As is apparent from the above embodiments, the present invention provides a carrier wave generator that stably generates a carrier wave, and a modulator that modulates the carrier wave by a modulation pulse generated by a touch operation of an operator. A light emitting element that converts the modulated wave output by the modulator into an optical signal and outputs the signal, an infrared filter that blocks visible light components in the path of the optical signal, and an optical signal that passes through the filter to an electrical signal. And a light receiving element for outputting as a carrier wave from the carrier wave generator,
A delay device for delaying and outputting, a switching signal for the carrier wave output by the delay device, a synchronous detector for synchronously detecting the output signal of the light receiving element, and a waveform shaper for shaping the detected output into a pulse The delay device is a touch panel device configured to correct the phase delay of the signal generated in the path from the modulator to the light receiving element,
Since the / N ratio can be improved, there is an effect that a signal can be transmitted and received with a stable operation at a small signal level even in the presence of ambient light.

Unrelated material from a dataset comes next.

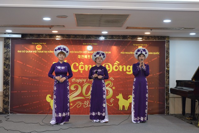 Chương trình Tết Cộng đồng mừng xuân Mậu Tuất 2018 của Hội người Việt Nam tại thành phố Daejeon, Hàn Quốc vừa diễn ra ngày 28/01. Thay mặt đại sứ quán Việt Nam tại Hàn Quốc, ông Ngô Văn Mơ, tham tán, trưởng văn phòng khoa học công nghệ gửi lời chúc mừng năm mới an khang, thịnh vượng của ông Nguyễn Vũ Tú, Đại sứ Đặc mệnh toàn quyền nước Cộng hòa XHCN Việt Nam tại Đại Hàn Dân Quốc, tới cộng đồng bà con kiều bào và bạn bè Hàn Quốc. Hi vọng cộng đồng người Việt tại Hàn Quốc cũng như mối quan hệ song phương giữa người dân hai nước sẽ ngày càng trở nên khăng khít và lớn mạnh hơn trong tương lai.
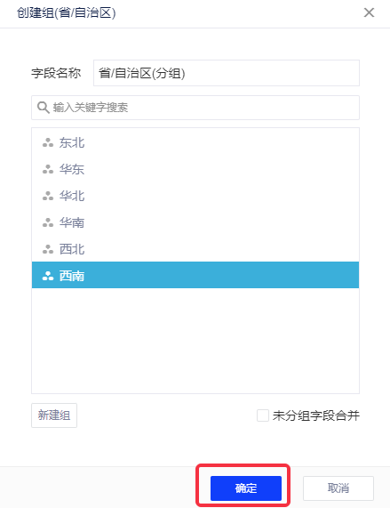 常用场景: 把字段“省/自治区”中字段值划分为“华东”、“东北”等,生成新的组字段“地区”,然后再用“地区”作为维度去分析。

[Brief description of drawings]

FIG. 1 is a block diagram showing a configuration of a touch panel device according to an embodiment of the present invention.

FIG. 2A is a circuit diagram showing a circuit configuration of a synchronous detector in a touch panel device according to an embodiment of the present invention. FIG. 2B is a waveform diagram showing waveforms of respective parts in the touch panel device according to an embodiment of the present invention.

FIG. 3 is a block diagram showing a configuration of a conventional touch panel device.

[Explanation of symbols]

 1 Carrier wave generator 2 Modulator 3 Light emitting element 4 Infrared filter 5 Light receiving element 6 Envelope detector 7 Waveform shaper 8 Delay device 9 Synchronous detector

Claims (1)

[Claims] 1. A carrier wave generator that stably generates a carrier wave, a modulator that modulates the carrier wave by a modulation pulse generated by a touch operation of an operator, and a modulated wave output by the modulator is converted into an optical signal. A light emitting element that outputs the light signal, an infrared filter that blocks a visible light component in the path of the optical signal, a light receiving element that converts the optical signal that has passed through the filter into an electric signal and outputs the electric signal, and a carrier wave from the carrier wave generator. A delay device that inputs, delays and outputs, a carrier signal that the delay device outputs, a switching signal, a synchronous detector that synchronously detects the output signal of the light receiving element, and a waveform shaper that shapes the detection output into pulses. And a delay unit for correcting a phase delay of a signal generated in a path from the modulator to the light receiving element.